Wednesday, September 30, 2009

Harry S. Dent, Jr.

Harry S. Dent, Jr. (born 1950) is an American financial newsletter writer. His latest book, The Great Depression Ahead, appeared on the New York Times Bestseller List.

Dent was born in Berkeley, California, United States, North America.[1]

Dent received his B.A. from the University of South Carolina, where he graduated #1 in his class. He earned an MBA from the Harvard Business School as a Baker Scholar.[citation needed]

Dent is the Founder of HS Dent Investment Management, an investment firm based in Tampa, Florida that advises the Dent Strategic Portfolio Fund mutual fund. Dent is also the president and founder of the H.S. Dent Foundation and H.S. Dent Publishing.

Dent writes an economic newsletter that reviews the economy in the US and around the world through demographic trends focusing on predictable consumer spending patterns, as well as financial markets, and has written seven books, of which two recent ones have been bestsellers:

The Great Depression Ahead (2009)
The Next Great Bubble Boom (2004)
The Roaring 2000s Investor (1999)
The Roaring 2000s (1998)
The Great Jobs Ahead (1995)
The Great Boom Ahead (1993)
Our Power to Predict (1989)
The basis of Dent's research is the highly predictable nature of consumer spending based on a family's formation pattern: minimal spending as young adults, increased spending while rearing children, peaking their spending as their children leave home, and then slowing spending during the last 15 years of working life (48-63) while saving more and preparing for retirement.

In the late 1980s, Dent forecasted that the Japanese economy, then the darling of the world, would soon enter a slowdown that would last more than a decade. In the early 1990s, he predicted that the DOW would reach 10k. Both of these predictions were met with much skepticism, and yet both eventually came to pass.
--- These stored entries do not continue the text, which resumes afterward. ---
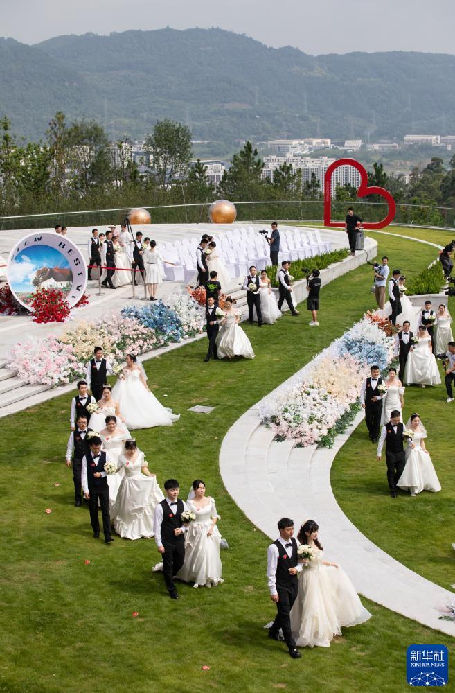 當日是七夕,來自四川省宜賓市三江新區33對新人在三江新區“三江之眼”舉辦了“為愛奔赴·幸福三江”主題集體婚禮。
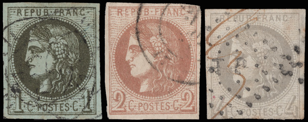 8183 O 38-40 image1870, Bordeaux, 1c, 2c & 4c (Scott 38-40), 1c & 2c with nice margins; 4c touching at the bottom with a light crease, otherwise Fine to Very Fine.
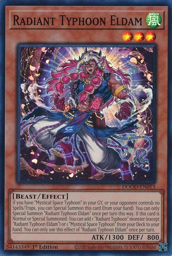 If you have "Mystical Space Typhoon" in your GY, or your opponent controls no Spells/Traps, you can Special Summon this card (from your hand). You can only Special Summon "Radiant Typhoon Eldam" once per turn this way. If this card is Normal or Special Summoned: You can add 1 "Radiant Typhoon" monster (except "Radiant Typhoon Eldam") or 1 "Mystical Space Typhoon" from your Deck to your hand. You can only use this effect of "Radiant Typhoon Eldam" once per turn.
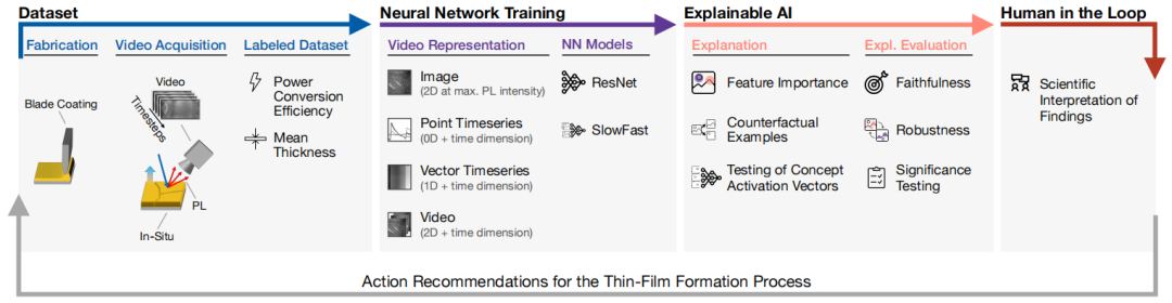 德国癌症研究中心(German Cancer Research Center)交互式机器学习小组(Interactive Machine Learning Group)、亥姆霍兹成像小组(Helmholtz Imaging)以及德国卡尔斯鲁厄理工学院照明技术研究所(Light Technology Institute, Karlsruhe Institute of Technology)的研究人员组成跨学科研究团队,利用深度学习和可解释的人工智能(XAI)来发现钙钛矿薄膜形成过程中获取的传感器信息与由此产生的太阳能电池性能指标之间的关系,同时使这些关系变得易于理解。
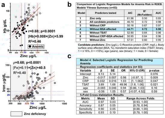Zinc levels as a predictor of anemia risk in RDEB. (a) Correlation of serum zinc levels (µg/L) with hemoglobin (Hb, g/dL; n = 84) and serum iron (µg/dL; n = 83) in patients with RDEB. Spearman’s rank-order correlation coefficient (ρ) and corresponding p-values are shown; linear regression lines (solid red lines) with 95% confidence intervals (dotted red lines) are displayed. Vertical dashed lines indicate the normal zinc range (in red) and the proposed threshold for preventive supplementation (780 µg/L; blue) Gray shading indicates zinc deficiency. (b) Comparison of logistic regression models with different predictor sets and (c) summary of the final selected model (Model 4), including 5-fold cross-validation results. Blue shading highlights the selected model. CRP = C-reactive protein; BSA = Body surface area; TSAT = transferrin saturation; AIC = Akaike Information Criterion; R2 (McFadden) = pseudo-R2; AUC = area under the receiver operating characteristic curve. β = represent log-odds from the logistic regression model predicting anemia risk (1 = anemic, 0 = non-anemic); SE = Standard error of the β coefficient; OR = odds ratio (eβ); p-value = statistical significance of each predictor; 95% CI (OR): confidence interval for OR estimates, reported as [lower, upper] SD = Standard deviation.
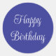 Happy Birthday Blue and White Elegant Script Classic Round Sticker
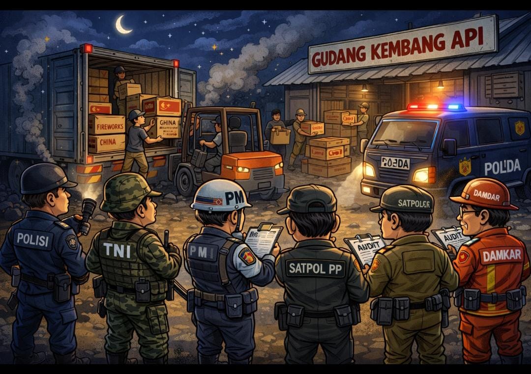 Perlu diketahui, aktivitas penyimpanan dan distribusi kembang api merupakan sektor berisiko tinggi, sehingga pengawasan ketat, kepatuhan regulasi, serta penerapan K3 secara menyeluruh menjadi keharusan mutlak.
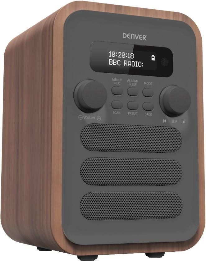 Rádio – klasické, DAB+, FM a RDS tuner disponuje 40 predvoľbami, výkon 2,5 W, výstup 3,5 mm Jack, automatické vypnutie, sleep a snooze, Bluetooth, budík, displej a hodiny, diaľkové ovládanie súčasťou, napájanie sieťové, klasický dizajn, rozmery 165 × 108 × 125 mm (V׊×H), hmotnosť 1,2 kg, čierna a hnedá farba Hlavné prednosti rádia Denver DAB-48 GREY Rádio Denver disponuje tunerom na príjem DAB+, FM a RDS Vie zobraziť informácie o aktuálne prehrávanom obsahu Medzi obľúbené funkcie sa zaraďuje automatické v
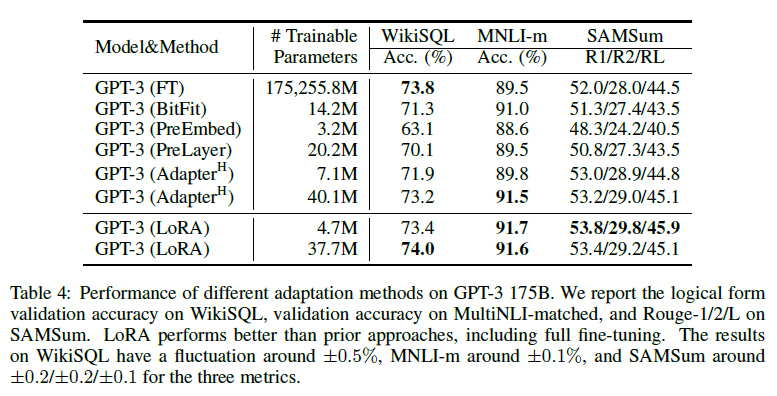 우리는 WikiSQL에서의 논리 형식 검증 정확도, MultiNLI-matched에서의 검증 정확도, SAMSum에서의 Rouge-1/2/L을 보고합니다. LoRA는 전체 미세 조정을 포함한 이전 접근 방식을 능가합니다. WikiSQL에서의 결과는 약 ±0.5%, MNLI-m에서 약 ±0.1%, 그리고 SAMSum에서의 세 가지 메트릭에 대해 각각 약 ±0.2/±0.2/±0.1의 변동성을 보입니다.
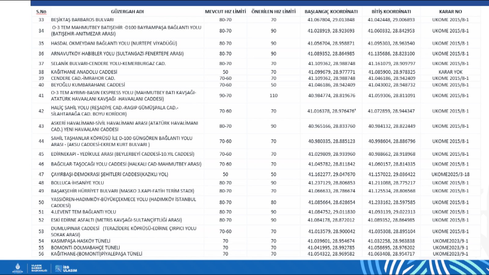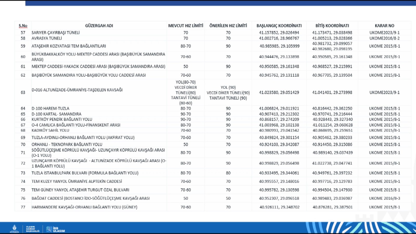 İstanbul Büyükşehir Belediyesi (İBB) Ulaşım Koordinasyon Merkezi (UKOME) toplantısında, Avrupa Yakası'nda 57, Anadolu Yakası'nda da 27 noktada olmak üzere toplam 84 güzergahın hız limitleri yeniden belirlendi. UKOME kasım ayı toplantısı, İBB Genel Sekreter Yardımcısı Pelin Alpkökin başkanlığında yapıldı. Eyüpsultan Feshane Art İstanbul Konferans Salonu'nda yapılan toplantıya, İstanbul Valiliği, İstanbul Emniyet Müdürlüğü, İstanbul Büyükşehir Belediye Başkanlığı, Karayolları 1. Bölge Müdürlüğü'nün ortaklaşa çalışmasıyla oluşturulan teklif sunuldu. İstanbul Geneli Trafik İşaret Levhalarının Sadeleştirmesi ve çeşitli yol kesimlerinde hız limitlerinin revize edilmesi teklifinin görüşüldüğü toplantıda, 84 noktada hız limitlerinin güncellenmesine oy birliğiyle karar verildi. "14 bin levhanın sökümü karara bağlandı" Toplantıda konuşan Ulaşım Koordinasyon Şube Müdürü Rıdvan Oğul ise şunları aktardı: "Çalışma, 2025/14 sayılı Cumhurbaşkanlığı Genelgesinde özetle ara yollardaki hız sınırlarının yeniden değerlendirilerek, yol yapısı üzerinde hız sınırlarını belirleyen işaretlemelerin gerekliliği ve konumunun incelenip, ülke genelinde yeknesaklığın sağlanması çalışmalarının ivedilikle yapılıp sonuçlandırılması talebi üzerine başlatıldı. Çalışma kapsamında yine genelgede belirtilen belediyelerin bakım ve onarımından sorumlu olduğu, taşıma kapasitesi yüksek yollar tanımına uygun olarak komisyonun belirlemiş olduğu çalışma grubu marifetiyle belirlenen toplam 84 yol güzergahında 1168 noktada tespit yapıldı. Bu tespitler sonucunda hız limitleri yeniden belirlendi. Levhalarla ilgili düzenlemeler yeniden yapıldı. Avrupa Yakası'nda 57 noktada, Anadolu Yakası'nda da 27 güzergahta olmak üzere toplam 84 güzergahta hızlar yeniden belirlendi. Bu çalışma sonucunda toplam 1105 levhanın yerinde uygulanması, 14 bin 655 levhanın da sökümü karara bağlandı. Büyük bir çalışma İstanbul genelinde. Takvime göre 31 Aralık 2025 tarihine kadar da saha çalışmalarının tamamlanması gerekiyor." Hız limiti değişen yollar ise şöyle sıralandı: Kaynak: Milliyet [news_id:790960]
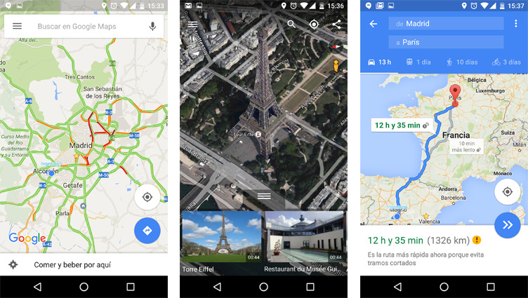 • Google Maps, Navigator, Street View y Google Earth: El conjunto de aplicaciones de Google para «navegar» por el mundo desde el teléfono es quizás el más potente de todos. El sistema de navegación va mejorando por momentos, incorporando información del trafico en tiempo real y recalculando las rutas sobre la marcha. El Street View nos ayudará a saber que nos vamos a encontrar cuando lleguemos a nuestro destino, y la vistas satélite… me paso horas viendo el mundo a vista de pajaro…  El problema es que para la mayoría de estas funciones hay que tener conexion, y en algunos casos el consumo de datos es elevado. Un truco es cargar un área en el mapa cuando tengamos Wifi, y así se quedará almacenado en caché para poder consultarlo sin conexión.
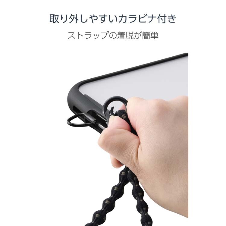 ●取り外しやすいカラビナ付きで、使わないときはスマートフォンを簡単に取り外せます。
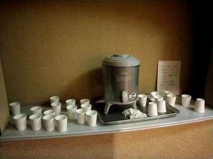 上の写真は、子どもたちに用意してくださったお茶です。コップは一人1日一つです。子どもたちの水分補給に大活躍してくれました。下の写真は、ある男の子の部屋です。ナイトハイクの時にもらった御札がドアのところに貼ってあります(^^)
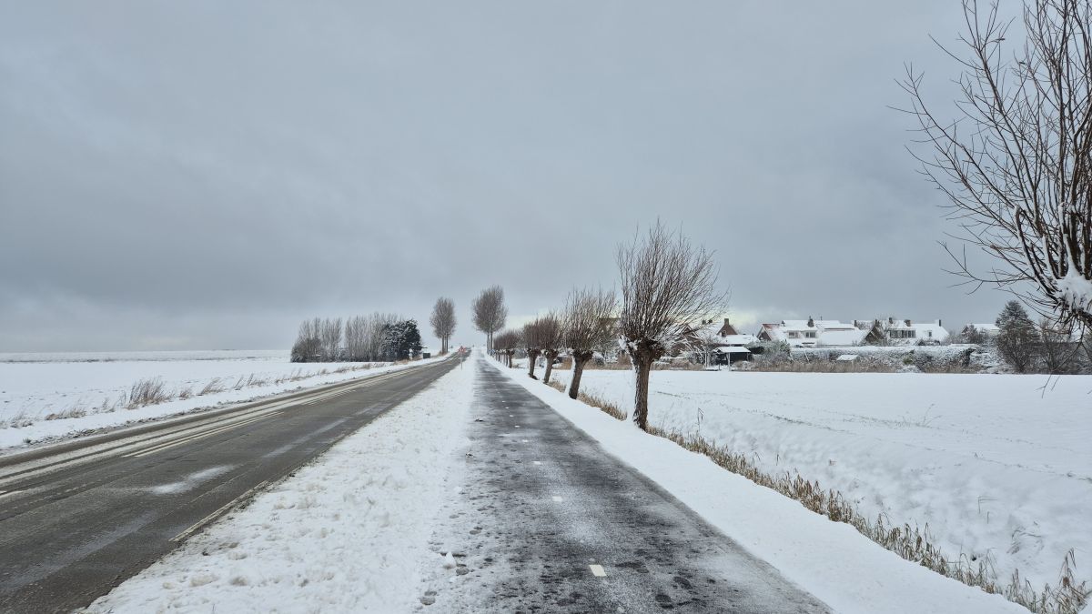 ^ Vanochtend keek ik even naar buiten, eindelijk wat sneeuw! ^ Stukje gewandeld, en achterom gekeken ^ Daarna weer terug naar de kachel
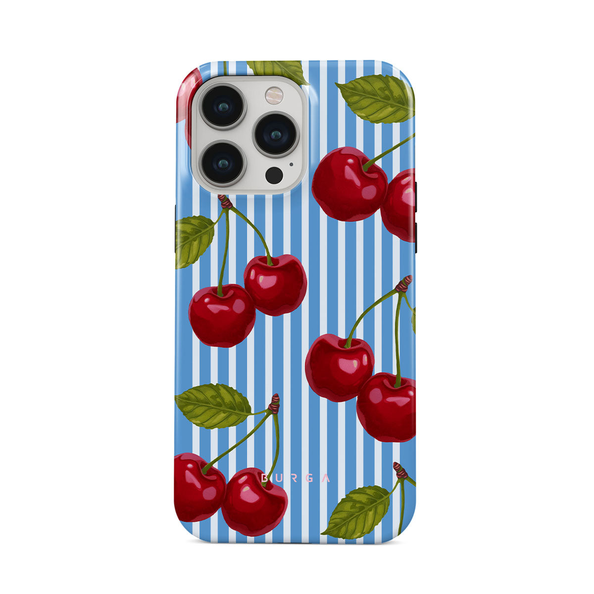 Cherries dangle like earrings from blue skies, a fun reminder of that first bite of summer, juicy and bursting with laughter. Meet our Sweet Moment iPhone 13 Pro phone case design.
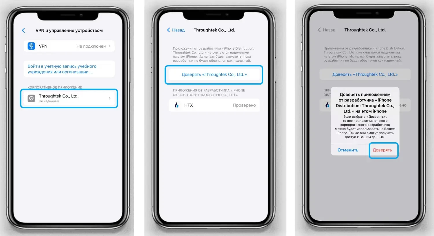 - Выберите корпоративное приложение «Здесь будет надпись...» и добавьте его в список доверенных.
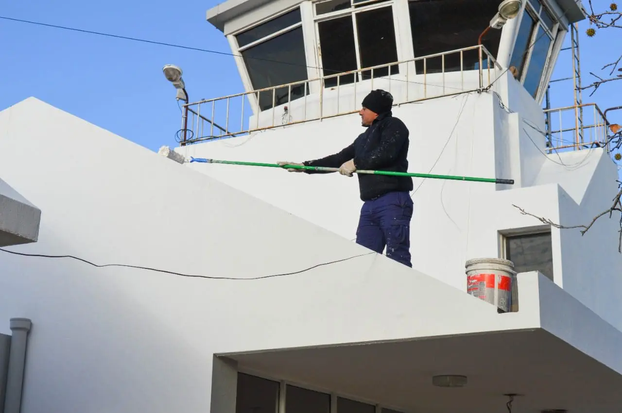 Las tareas consistieron en impermeabilización de techos, arreglo de grietas y mampostería; pintura interior de aberturas; pintura exterior y torre de control, y reacondicionamiento de la instalación eléctrica.
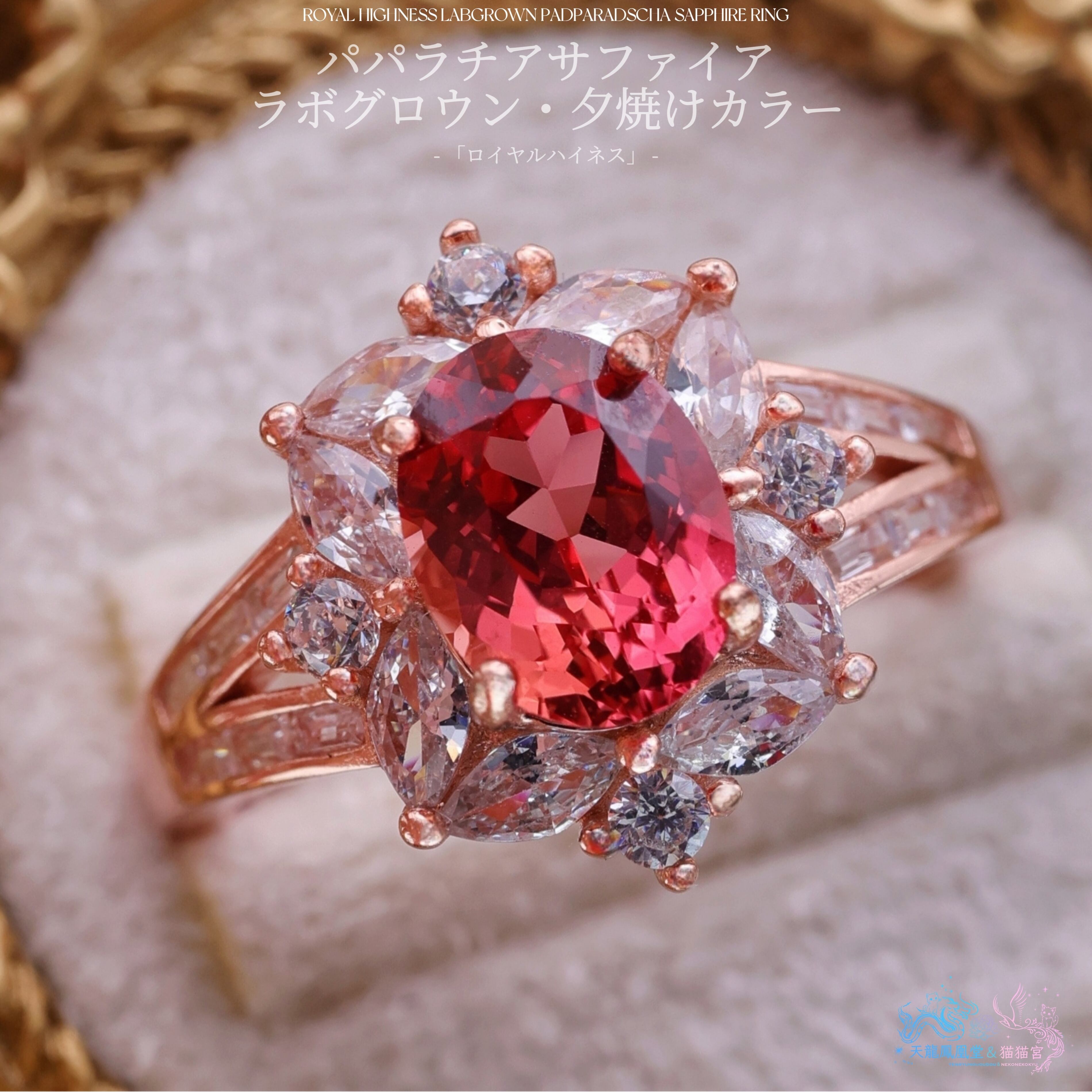 【ロイヤルハイネス】パパラチアサファイア ラボグロウン リング

In Japan, Dent was using their peak of 45-50 year olds (1990-1994) as the beginning of a long slowdown. In the US, he used, and continues to use, the peak year for 48-year-olds, 2009, as the top of a long term growth pattern.

In 2000, based on his forecast that economic growth would continue throughout the 2000s, Dent predicted that the DOW would reach 40k, a prediction which was repeated in his 2004 book. In his book, he also predicted the NASDAQ would reach 13-20k. In late 2006 he revised his forecasts to much lower levels, estimating the Dow would reach 16-18k and the NASDAQ 3-4k. In January 2006, he predicted that the DOW would reach 14-15k by the end of the year. It ended 2006 at 12,463, 11% below the lower end of his prediction. It ended 2007 at 13,264, again significantly lower than Dent's revised prediction of 15,000 by early 2008. Since then, the Dow crossed 14,000 in late 2007 before retrenching.

Dent popularized the baby boomer spending wave theory.[2] According to him, after baby-boomers' children leave home, they begin paying down debt and saving for retirement, which means spending less. That means that the stock-market should peak sometime between 2007 and 2009. This is based on his observation that spending peaks at around age 50 for individuals, the average age for a family's children to leave home.